关键词 ：动作类电子游戏, 脑电, beta节律, 机器学习, 频数分析

Abstract：Action video games (AVGs) have become one of the most prominent entertainment in contemporary life. Recently, many studies have shown that the action video games have important impacts on player′s cognitive functions such as attention, which is related to EEG beta rhythm. However, traditional EEG rhythm analysis is based on the average of power strength across temporal segments, which may be difficult to continuously assess the potential effects of AVG levels on brain function. Therefore, based on machine learning, we proposed a new EEG rhythm ratio analysis method. This study included 232 healthy League of Legends male players, and the game levels were divided into level 1 to level 5 (from low to high, corresponding to 27, 74, 77, 34 and 20 subjects) according to the expertise ranking. The game state and resting state EEG for each subject were both recorded. The proposed rhythm ratio analysis contained following steps: 1) difference values of beta rhythm power between game state and resting state were calculated and used as features; 2) all features of data segments for each subject would be relabeled using the support vector machine with radial basis function kernel (high-level/low-level beta pattern), while the training datasets were level 1 and level 5 groups (others were test dataset), and the ratios of predicted high-level beta patterns were obtained for each subject; and 3) finally, the effect of game level on the ratio of high-level beta patterns was assessed using one-way ANOVA, and Pearson′s correlation between game performance score and the ratio of high-level beta patterns was investigated. The results of one-way ANOVA depicted that there were significant differences among the different game level groups (P<0.05, F=17.40), and the ratio of high-level beta patterns was increasing with the increase of game level. There were also significant differences among the different game level groups using ratio analysis based on clustering (P<0.05,F=6.57) and linear discriminant (P<0.05,F=14.84) methods. Furthermore, there was a significant correlation between the game performance score and the ratio of high-level beta patterns (P<0.05, r=0.22). It is implied that the potential effects of action video game on brain function, such as attention, could be assessed by the proposed method. The results may provide a new sight to improve our understanding about brain plasticity related to AVGs.

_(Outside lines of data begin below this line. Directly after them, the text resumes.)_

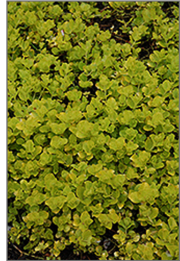
Golden Creeping Jenny foliage

Golden Creeping Jenny is recommended for the following landscape applications;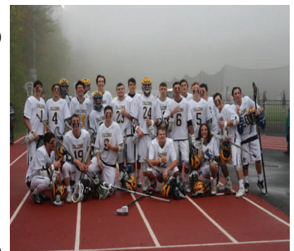
Boys Lacrosse Champions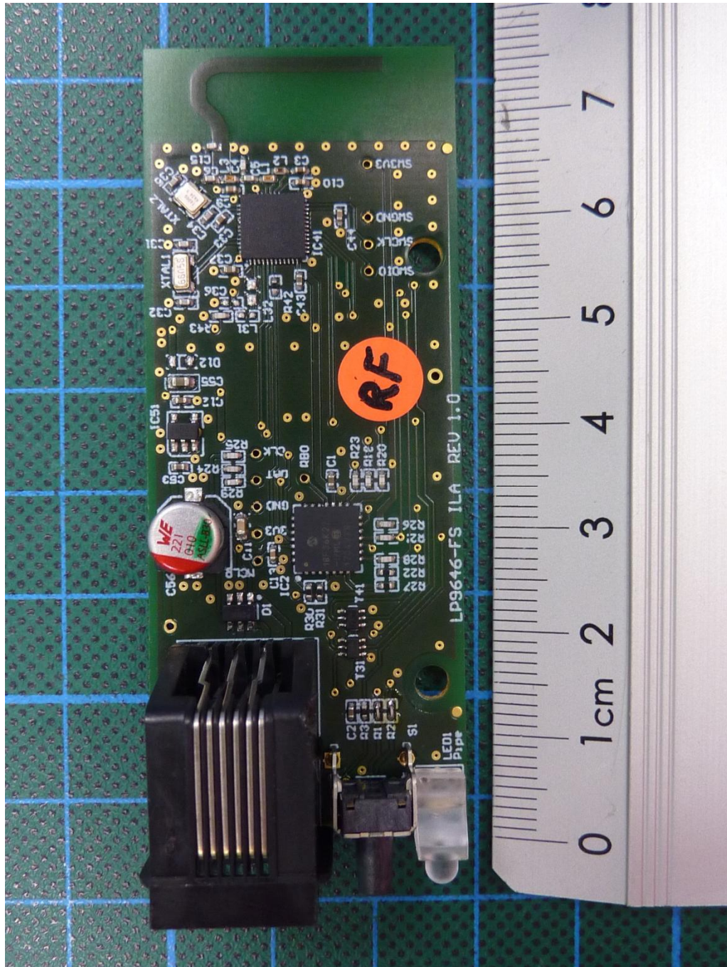
170813_e.JPG: Transceiver PV, PCB, top view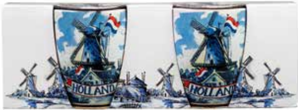
#039714 Set of 2 Mugs $16.95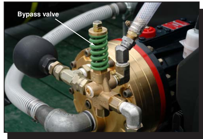
Figure 11—The bypass valve diverts water from the pump back to the main holding tank when the wands and underbody washers are not being used.

The bypass valve (figure 11) diverts water from the pump back to the main holding tank when the wands or underbody washers are not in use. Over time, if the pump is operated at high speed and the wands or underbody washers are not being used, the internal components of the bypass valve will wear and no longer seat properly. The result is very low pressure, with reduced water flow to the wands and underbody washers. If this should happen, the bypass valve will need to be replaced. Remove the bypass valve by loosening the three hydraulic fittings (water inlet, outlet to the manifold, and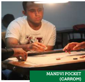
MANDVI POCKET (CARROM)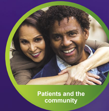
Patients and the community

The goal of this initiative is to optimise the standard of care for hearing impaired adults by addressing the unmet needs of patients, primary care providers, hearing health professionals (HHPs) and policymakers.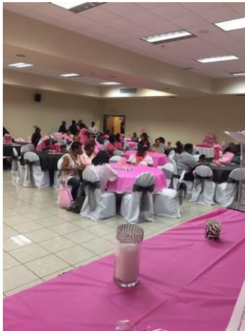
Mesquite Friendship Pink Party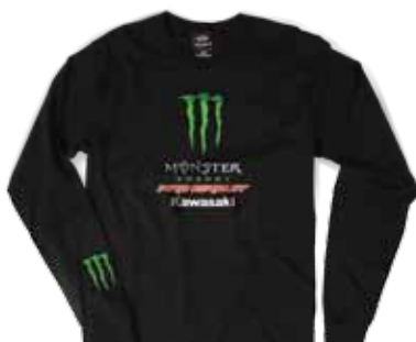
TEAM LONG SLEEVE TEE $24. 95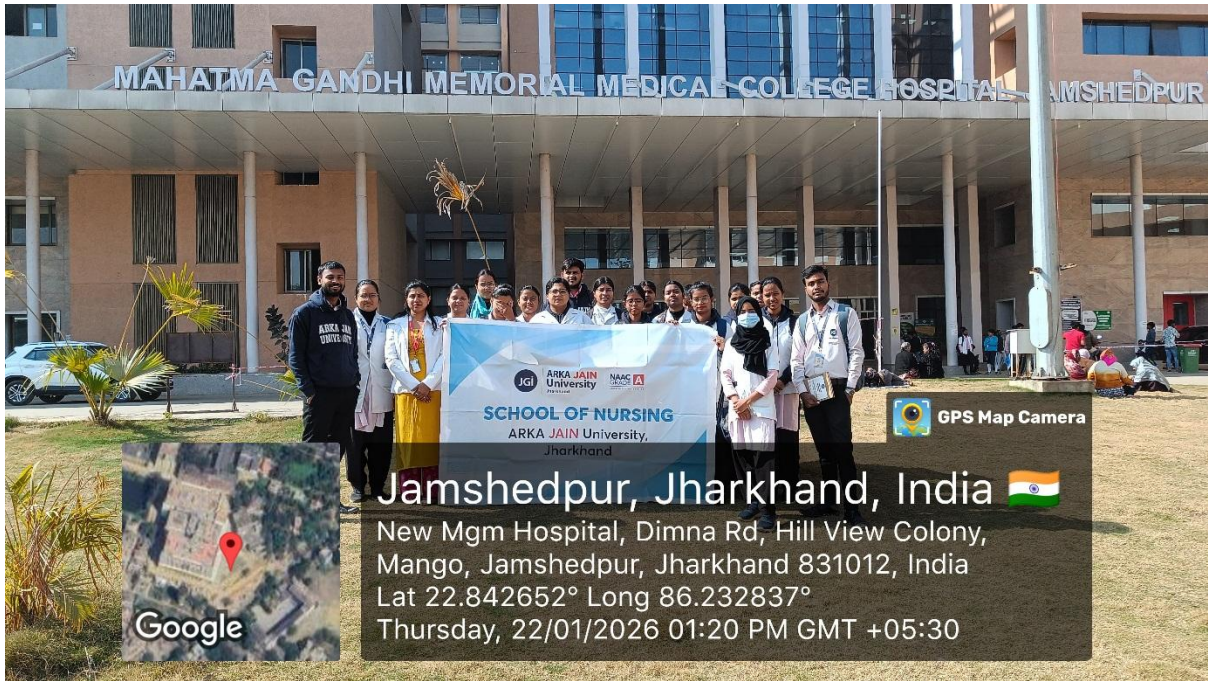
Fig. 3- Group photo of the visit.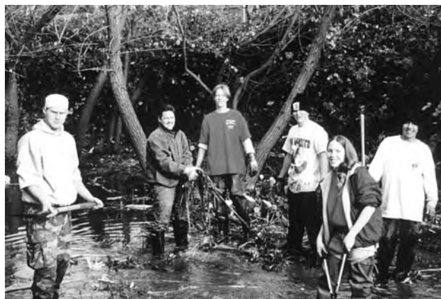
Student volunteers clear debris from Adobe Creek, Petaluma, CA; courtesy NOAA Restoration Center.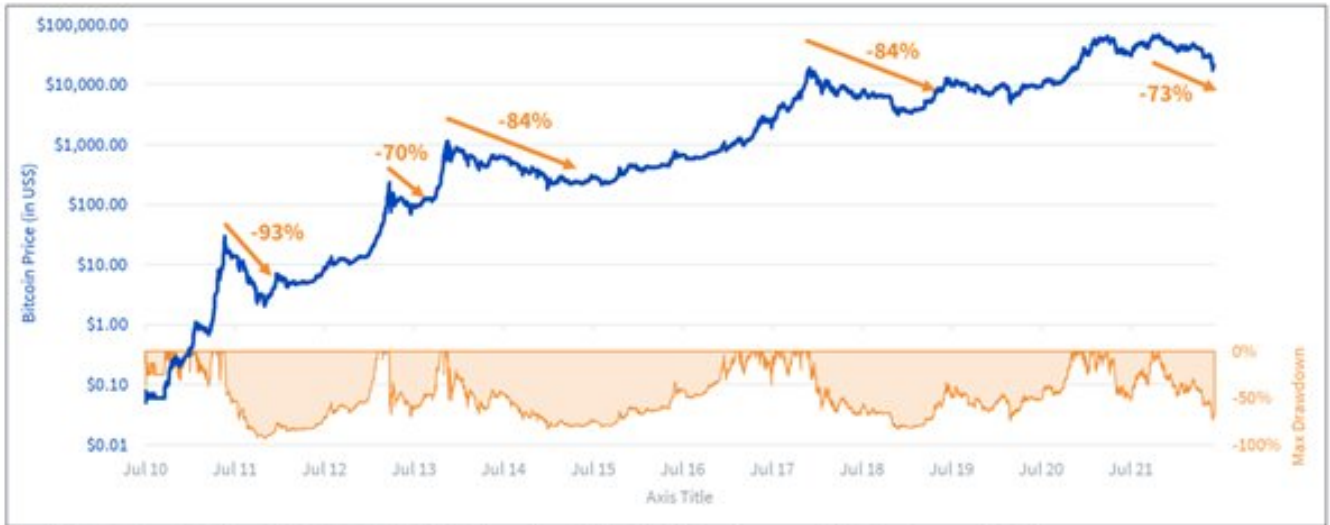
Source: WisdomTree, Bloomberg. Data from July 2010 to June 2022. Historical performance is not an indication of future performance and any investments may go down in value

WisdomTree has summarised this history in approximately four phases so far, which are explained in-depth in the new report ‘WisdomTree Insights - A New Asset Class: Investing in the Digital Asset Ecosystem’: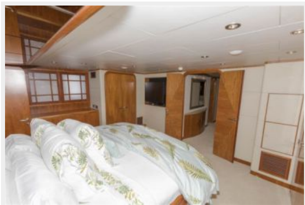
Master to Port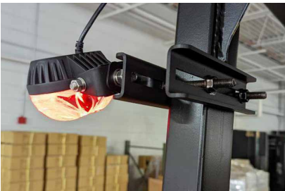
7160-1719 Forklift Light Mount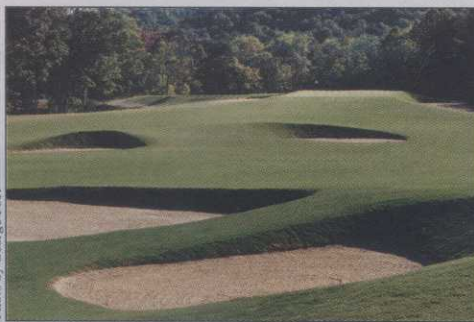
The 16th at Black Creek Club, a 417-yard par-4 known as the "Spine"

there. The bunkers, for example, are certainly retro in their appearance, but it's their placement, their integration into the golf hole and landscape, that influences decision-making. That's what Raynor did so well, and that's what we've done at Black Creek."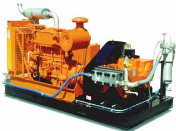
NLB Model 350 Series water jetting system

The NLB high-pressure water jetting pump is the powerhouse of the Concrete Buster system. NLB pumps feature stainless steel fluid cylinder design and are built for continuous heavy-duty operation with minimal maintenance requirements.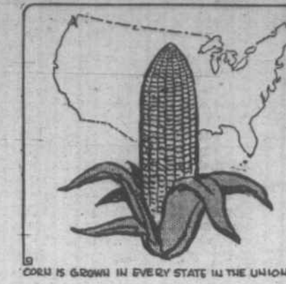
CORN IS GROWN IN EVERY STATE IN THE UNION.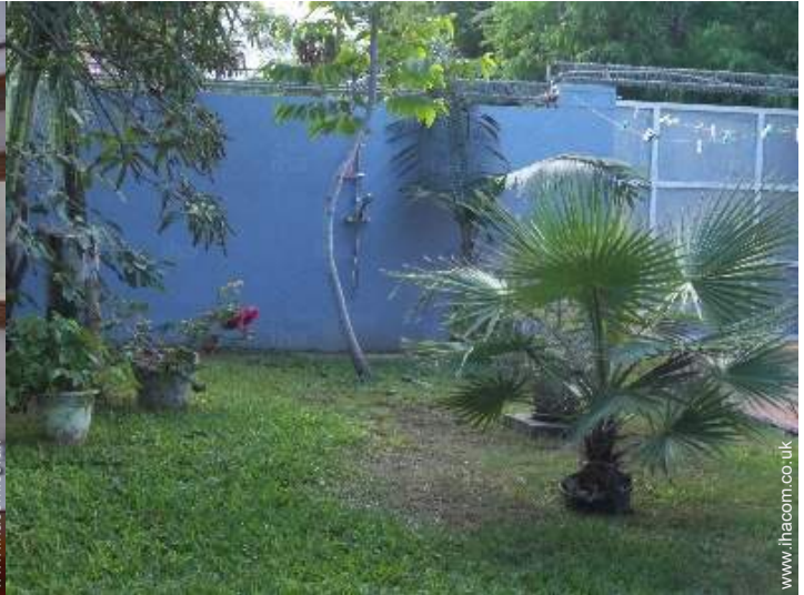
outside shower facilities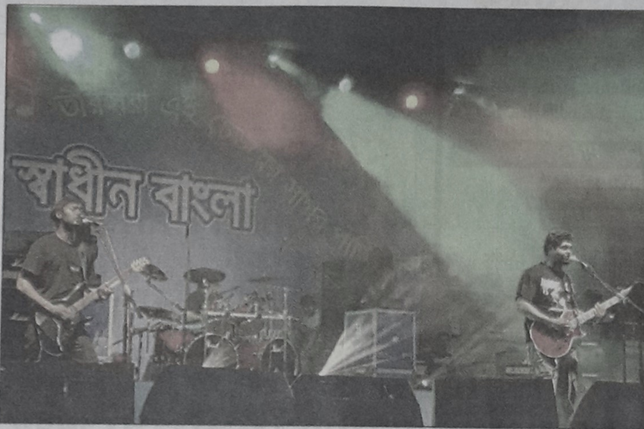
Artcell performs at the programme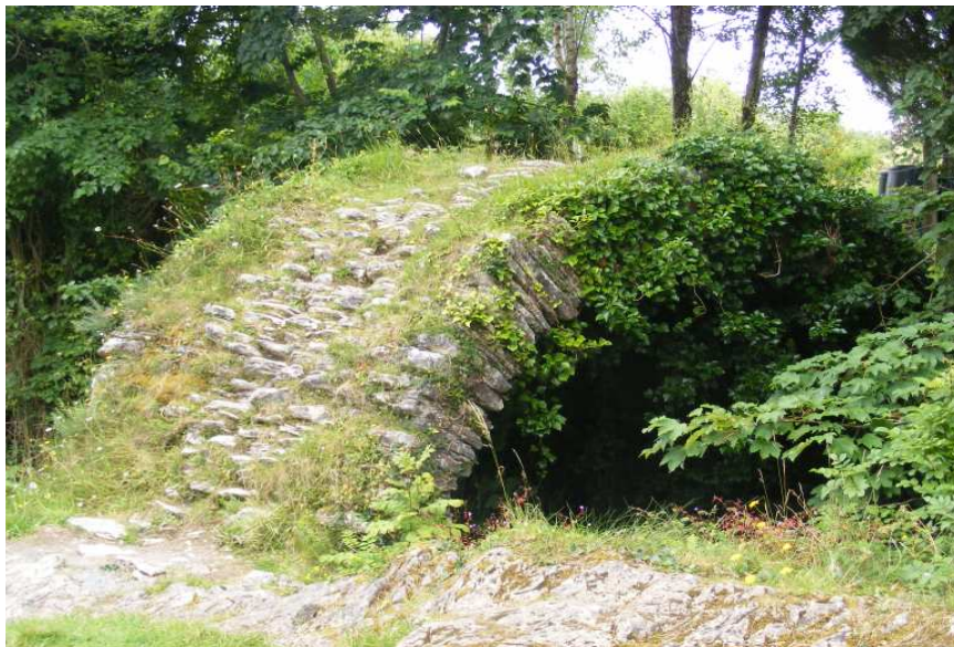
Cromwell's Bridge, an important local heritage site in Kenmare

When I initially spoke to Kerry County Council about taking ownership of the unique Cromwell's Bridge they told me that they did not have the capacity to maintain it and therefore would not take charge of it.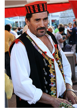
Dalmatian resident in traditional dress

Ethnic Croats comprise the majority of the Croatian population—nearly 90% according to the 2001 census. 145 Of the country’s many ethnic minority groups, the largest is that of Serbs, who comprise approximately 4.5% of the population (2001 census). Additional ethnic groups include Bosniaks, Italians, Hungarians, Albanians, Slovenes, Czechs, and Roma. 146 Most of the Croatian population belongs to the Slavic ethnic group. The languages spoken by both Croats and Serbs belong to the South Slavic linguistic group. 147 Within the large Slavic group of peoples, religious affiliation and language/dialect are associated with a specific ethnic identity. Croats, for example, are traditionally Roman Catholic, while most Serbs are Orthodox Christians. 148 Bosniaks are Muslim Slavs.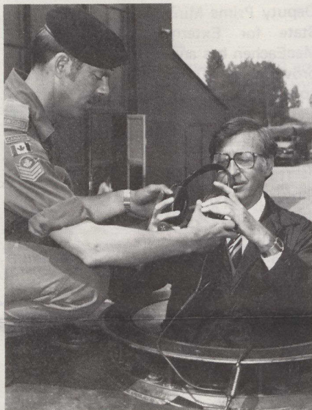
Defence Minister Lamontagne (right) during a visit of Canadian Forces in Europe.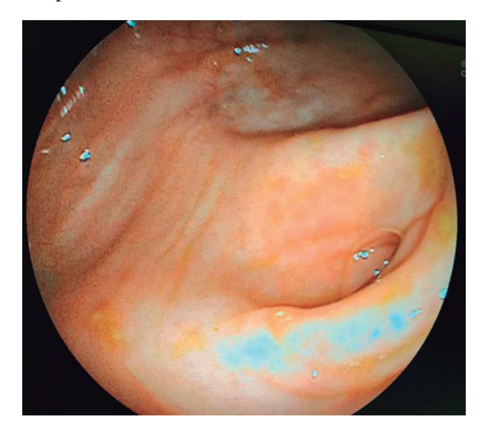
Figure 1. Colonoscopy view of healthy appendicular orifice

The patient was discharged without any evidence of any complications.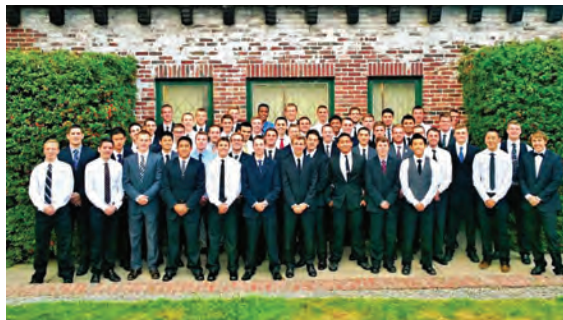
Dapper looking bunch in Washington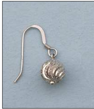
JE1020082T WT: 1.65 gm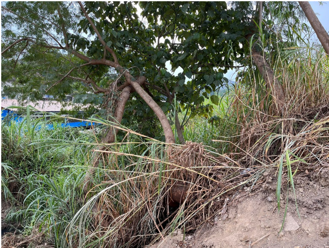
Figure 2a: Tree T2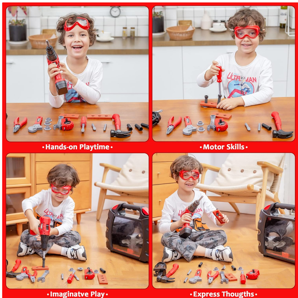
Figure 5: Child engaging in hands-on playtime with the tool set.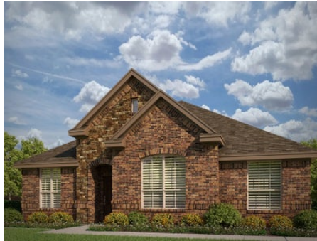
2129 A with Stone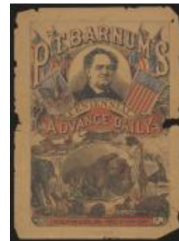
Courier: P. T. Barnum's Centennial Advanced Daily (T 2016.006.001)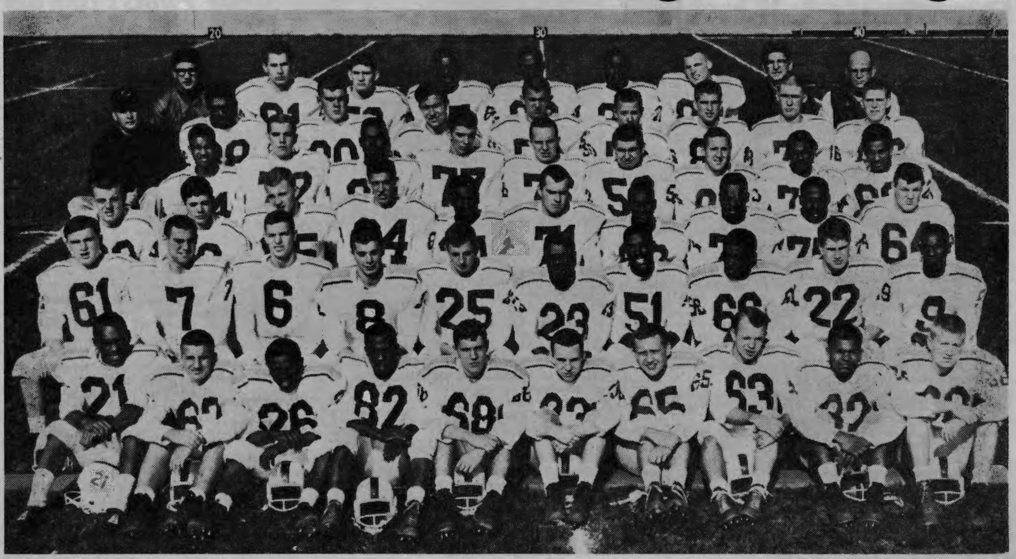
THE MEMBERS OF THE 1961 varsity football squad are pictured above with the four coaches. The team, in quest of the conference championship, now has a 6 and 2 season record. Only one loss now mars the conference record of the Jonesmen.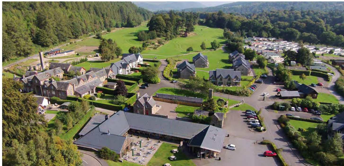
An overview of Mains of Taymouth Country Estate and golf course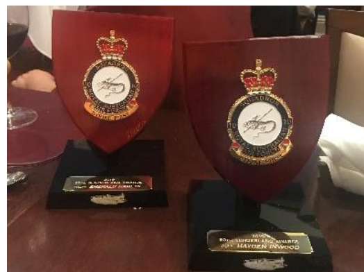
Award Winners' Trophies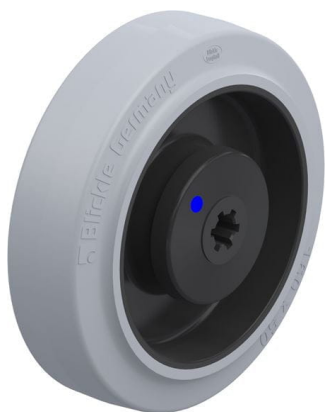
Wheel used POEV 160/12XKA-SG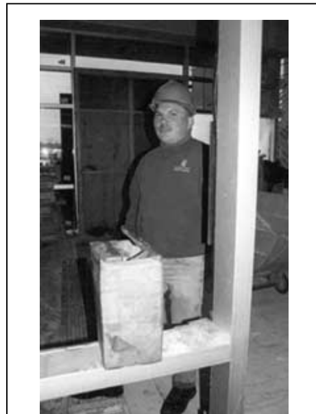
Figure 3. A subcontractor from Lurie Glass installing windows

Every week, Vogel Brothers staff met with subcontractors (Figure 3). These meetings provided opportunities to share information about recycling, answer questions, and address problems. After the DNR grant term began on January 15, 2002, Madison Environmental Group staff attended these meetings and toured the construction site to address workers recycling questions and learn from their experiences. When new materials were generated during the construction process, Vogel Brothers sought Madison Environmental Group’s assistance in investigating its recycling potential.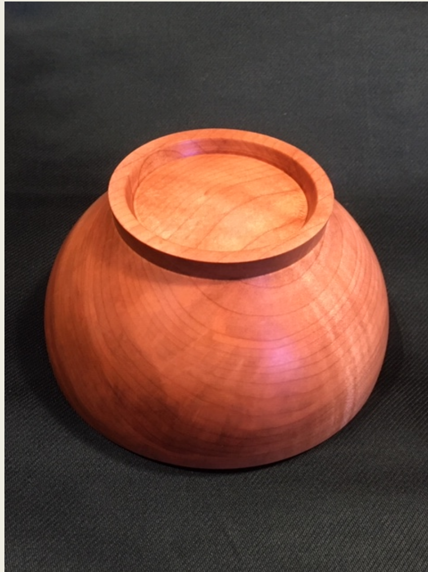
Finishing School Santa Cruz Woodturners July, 2020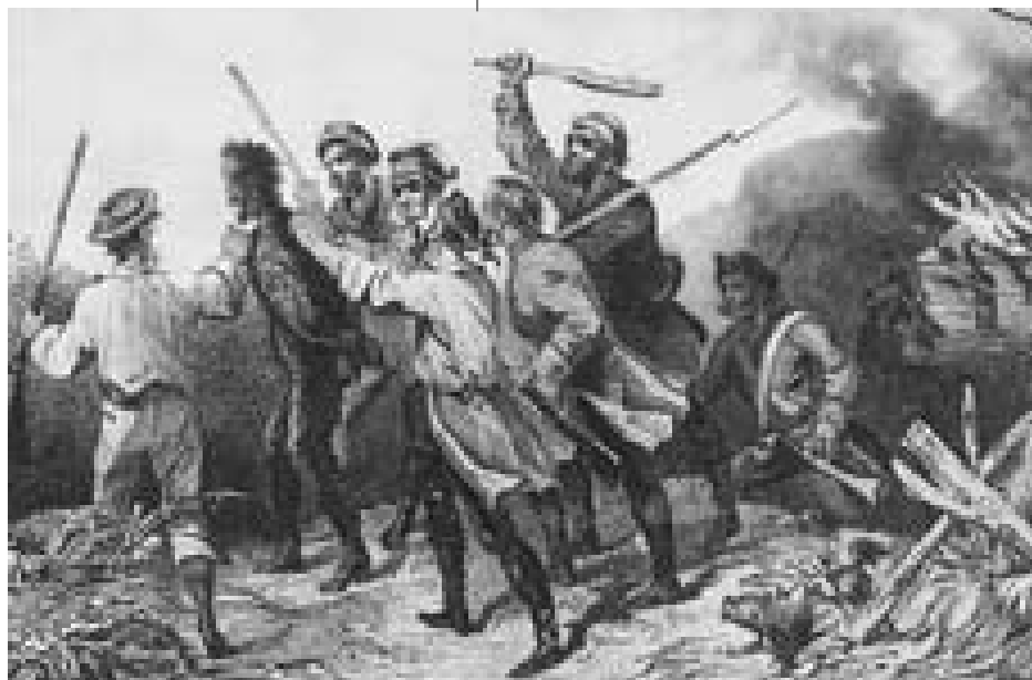
◀ A group of rebels taking part in the Whiskey Rebellion tar and feather a tax collector.

Most whiskey producers were small frontier farmers. Their major crop was corn. Corn was too bulky to carry across the Appalachian Mountains and sell in the settled areas along the Atlantic. Therefore, the farmers distilled the corn into whiskey, which could be more easily sent to market on the backs of mules.

Key words： action video game electroencephalogram beta rhythm machine learning ratio analysis

收稿日期: 2020-06-20

PACS:

R318

基金资助:#国家自然科学基金(81701778,61933003);四川省科技计划项目(2018JZ0073)

通讯作者: *E-mail: Lidong@uestc.edu.cn

引用本文:

刘晓波, 赵铃铃, 李毅, 宫殿坤, 尧德中, 董立. 基于动作类电子游戏不同水平人群的脑电beta节律频数分析法[J]. 中国生物医学工程学报, 2021, 40(5): 574-581.
Liu Xiaobo, Zhao Lingling, Li Yi, Gong Diankun, Yao Dezhong, Dong Li. EEG Beta Rhythm Ratio Analysis for Action Video Game Players with Different Game Levels. Chinese Journal of Biomedical Engineering, 2021, 40(5): 574-581.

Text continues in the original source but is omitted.